Angelina Kreger, BHP Teacher
Michigan, USA

Each Big History unit asks students to investigate a variety of sources to create a sense of the larger historical context. This shifting up and down in scale is a unique hallmark of the BHP course. What does the world look like from a universal, global, national, or individual perspective at a given point in history? Lesson 9.5’s Forming the Concept of Nationalism¹ activity provides students an opportunity to look at three vignettes of various nationalist movements, analyze the facts, and determine what similarities there are among the movements.

Liberty Leading the People (Eugène Delacroix, 1830) is a famous example of nationalist art. Public domain.

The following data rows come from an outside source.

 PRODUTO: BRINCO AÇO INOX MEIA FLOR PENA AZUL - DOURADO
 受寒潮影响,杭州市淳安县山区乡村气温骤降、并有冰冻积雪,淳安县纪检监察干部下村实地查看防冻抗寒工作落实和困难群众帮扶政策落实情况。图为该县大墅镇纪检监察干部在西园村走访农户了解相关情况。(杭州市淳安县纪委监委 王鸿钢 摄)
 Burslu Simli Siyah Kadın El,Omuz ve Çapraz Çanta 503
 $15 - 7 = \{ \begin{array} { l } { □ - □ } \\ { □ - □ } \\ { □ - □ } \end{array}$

Building on the investigative skills that learners have developed in each unit Investigation (an Investigation is essentially an extended DBQ), students are asked to gather evidence to support their views. I have students complete the activity independently and then I host a discussion about what similarities they found, and what evidence backs them up. Many highlight findings outlined in the teacher answer key, but some make even larger or more nuanced connections.

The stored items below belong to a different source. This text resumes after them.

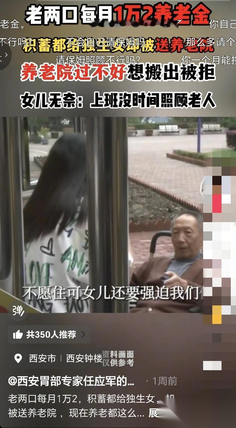重庆一对老两口,将自己每月1.2万元的养老金和一辈子的积蓄全部交给独生女保管,本以为能换来安稳的居家照料,万万没有料到,底牌交得干干净净,转头就被送进了民办养老院。 老父亲在镜头前哭着求回家的画面,刺痛了不少人。网上的骂声铺天盖地,都在戳这闺女的脊梁骨,说她图财忘恩。 可你要是掀开这出伦理悲剧的帘子,就会发现,这底下全是底层人算不清的糊涂账。 先看看这个挨骂的女儿过的是什么日子。 快五十岁的人,还得熬大夜干三班倒的客服。丈夫在外头打着零工,一家五口人,硬生生挤在七十来平的老破小里,连个转身的地方都勉强。 面对得了阿尔茨海默症的母亲和重病的父亲,稍微算算现实这笔账,就知道路根本走不通。 在市面上找个差不多点的住家护工,起步就得六千往上走。可她累死累活干满一个月,工资单上也就五千出头。 硬接回家养着? 她要是辞职在家伺候,家里直接断粮,一家老小跟着挨饿;要是接着去上班,两鬓斑白的爹妈在家出点什么意外,连个打120的人都没有。 把爹妈送进有专人看着的机构,哪是什么丧尽天良。不过是一个兜里没钱的中年人,被生活逼到死角后剩下的唯一活路。 这几年国内一直提倡“9073”的养老大格局。意思是九成的老人在家靠社区养老。 这思路确实好,但这套模式想要顺畅落地,得有大前提:要么家里底子厚,雇得起人;要么儿女有闲工夫,能时常陪在床前。 两样都不占?居家养老就是个不切实际的幻梦。 重庆老两口这出事,算是给大伙儿重重提了个醒。 不少长辈总觉得,趁早把身家全盘托出,能换来儿女在床前的一片孝心。这绝对是晚年最糊涂的一笔账。 老人自以为提前掏空钱包是体谅年轻人,其实是亲手砸掉了自己挡风遮雨的最后一道墙。 真到了病床前,面对每天花钱如流水的账单和压死人的生活大山,亲情往往扛不住几下折腾。 与其拿晚年的安稳去考验儿女的能力和良心,不如把退休金和房本牢牢抓在自己手心里。 底牌攥住,那才叫底气。过度托付,输掉的往往是晚年最后的尊严。 对此,你怎么看?
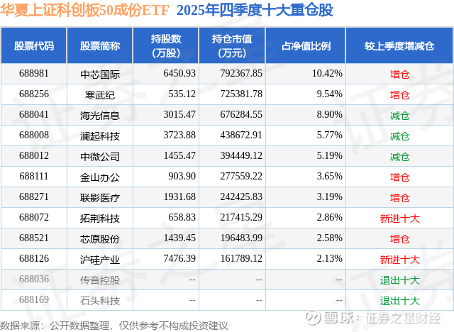 华夏上证科创板50成份ETF的前十大重仓股如下:
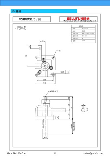 13. 圖紙 POWER BASE 尺寸圖 參數(shù)表 型號(hào) IP300-1S 類型 標(biāo)準(zhǔn) 負(fù)載重量 Max. 300Kg / 4 pcs 最大行程 350 mm 齒輪組件 M 1 比例 1 : 1 m.eghtebas.com 11 china@gelufu.com
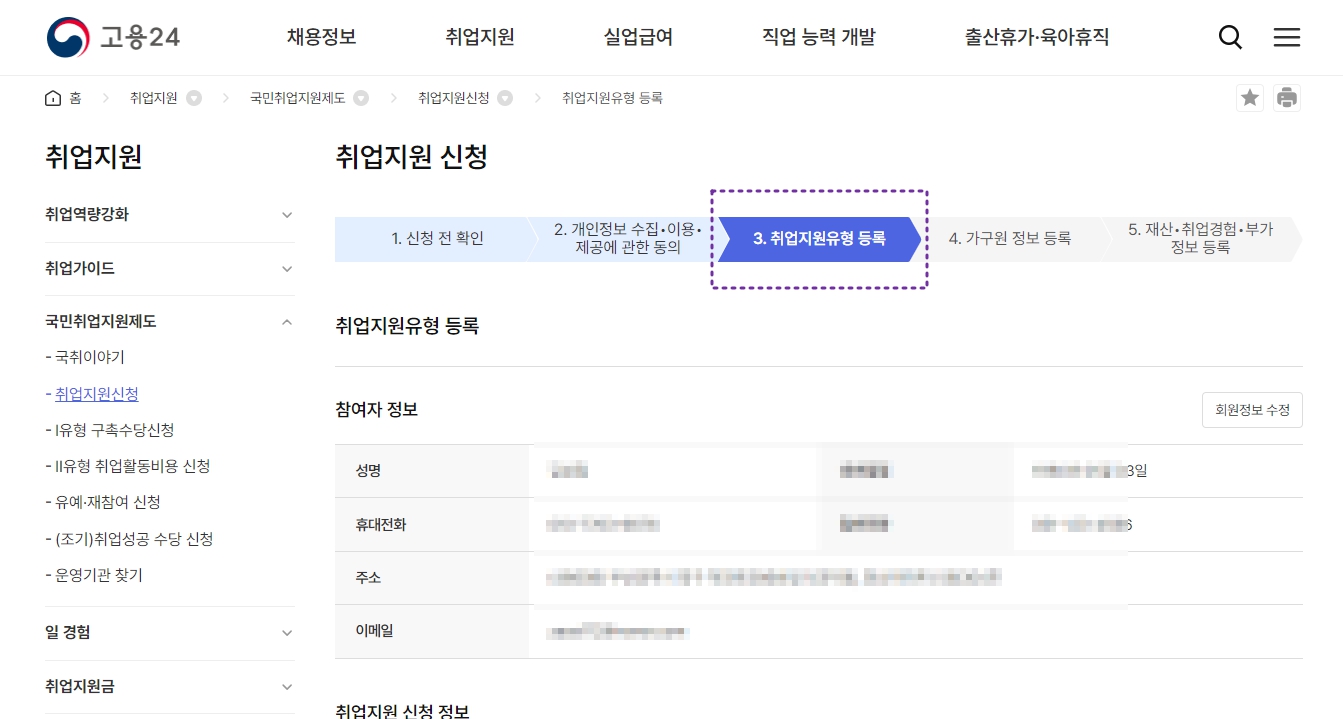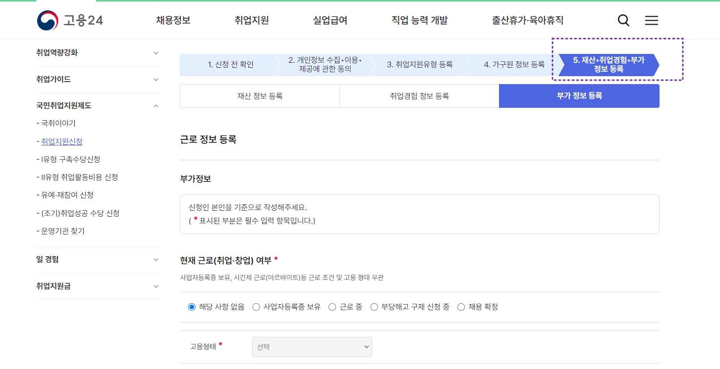 3. 신청서 작성 : '국민취업지원제도' 메뉴에 들어가 신청서를 작성합니다.
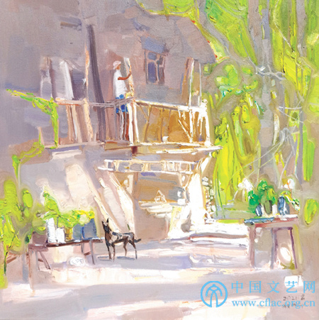 勇者作画在于破,他常常爱说:突破点在哪里?规则是什么?规则就是前人实践总结出来的经验,我们要创新,就是要打破规则。每个民族都有自己的文化传统,所以都有自己的规则,不能只谈继承,更要强调对未来的创造,只有创造新的艺术和文化才会受到世人的尊敬,那么我们就从“破”规则切入,要从“完美”之处作为切入点。大的“破”,我们还不敢奢望,但我们可以在夹缝中“破”。所谓的“冷暖”规则、“构图”规则,都是在他的前行路上需要打破的,构图比例,拉大、再拉大,四六开、三七开、二八开、一九开;冷暖对比,光源是暖色,那么背光就一定是冷色,反之,光源是冷色,背光就一定是暖色,他说这是光学原理,是认识色彩的基础,这是科学分析,而绘画是感性的,是情绪化的。这就是需要“破”的,所以他的画面会出现冷光源冷背光,热光源暖背光;阳光普照的同时又没投影,让你感到别致、大胆、奇特。
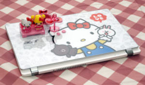 圖:純白基底,滿滿都是 HELLO KITTY 與 LINE FRIENDS 元素設計的筆電,超可愛的外觀設計,就連男生也會多看幾眼呢!
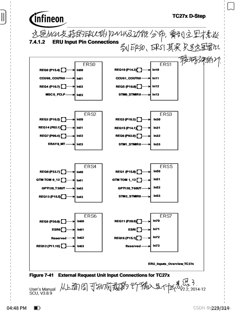 - 这个是MCU支持的ERU的PIN以及功能分布,看到这里的时候才注意到之前一直接触的ESR0以及ESR1只不过是这里面比较特殊的2个。
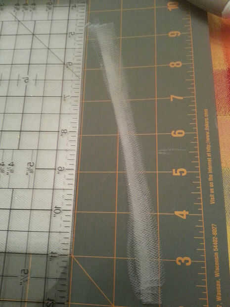 #9 siguiendo el mismo procedimiento (que utiliza para alisar el borde irregular de la tul) mover su borde recto exponiendo la cantidad de tul para el ancho que quieras tus franjas de serlo... en mi caso era 3 pulgadas.
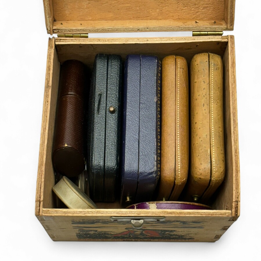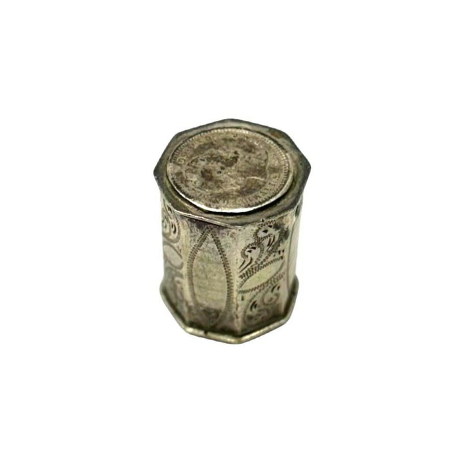 Een antiek tweede gehalte (835/1000) zilveren achtkantig muntdoosje met op de deksel en de bodem een zilveren Willem III stuiver. Hierin zeven zilveren stuivers Willem III 1850.

This is a great activity if you’re teaching BHP with a world history focus, because very quickly students see the common threads that tie many nationalist movements together. If you’re teaching a semester course, like me, this is a great place to discuss how historians must exercise caution when interpreting events to make valuable connections. I’m happy to answer any questions you might have about this activity in BHP’s Online Teacher Community!

About the author: Angelina Kreger is a veteran high school history teacher and instructional coach in Novi, MI. She has five years’ experience teaching Big History to twelfth graders in a semester-long format.

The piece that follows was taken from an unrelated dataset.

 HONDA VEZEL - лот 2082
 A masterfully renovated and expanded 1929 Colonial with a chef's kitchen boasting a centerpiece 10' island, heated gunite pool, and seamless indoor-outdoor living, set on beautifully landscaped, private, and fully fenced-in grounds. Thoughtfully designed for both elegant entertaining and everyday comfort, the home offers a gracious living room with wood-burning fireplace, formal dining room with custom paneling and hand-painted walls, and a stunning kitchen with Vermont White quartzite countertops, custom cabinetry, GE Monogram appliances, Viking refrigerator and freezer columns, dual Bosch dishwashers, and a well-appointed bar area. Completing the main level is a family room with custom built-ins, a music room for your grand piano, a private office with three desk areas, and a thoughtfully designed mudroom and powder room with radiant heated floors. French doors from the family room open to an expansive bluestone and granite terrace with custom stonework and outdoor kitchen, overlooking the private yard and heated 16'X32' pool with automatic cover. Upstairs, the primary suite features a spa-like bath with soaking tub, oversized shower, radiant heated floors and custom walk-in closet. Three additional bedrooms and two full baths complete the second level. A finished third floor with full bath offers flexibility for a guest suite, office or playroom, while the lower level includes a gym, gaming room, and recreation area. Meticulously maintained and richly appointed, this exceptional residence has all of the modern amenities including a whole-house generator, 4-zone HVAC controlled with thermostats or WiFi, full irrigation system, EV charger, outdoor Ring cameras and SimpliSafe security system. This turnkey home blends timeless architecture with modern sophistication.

¹ This lesson was adapted from a lesson by Lauren Harris and Tamara Schreiner in World History For Us All[]

One thought on “Forming the Concept of Nationalism

  1. Hello–it seems to me that this lesson is plagiarized (same source excerpts used, same prompts) with minor changes from the following:

    McArthur Harris, Lauren, and Tamara L. Shreiner. “Why Can’t We Just Look it Up? Using Concept Formation Lessons to Teach Global Connections and Local Cases in World History.” World History Connected 11.2 (2014). Web. 24 June 2015.

    All teachers can and should borrow and adapt quality materials; the world history community especially has a great culture of exchange. But you should cite them. It’s important for teachers to model proper source use.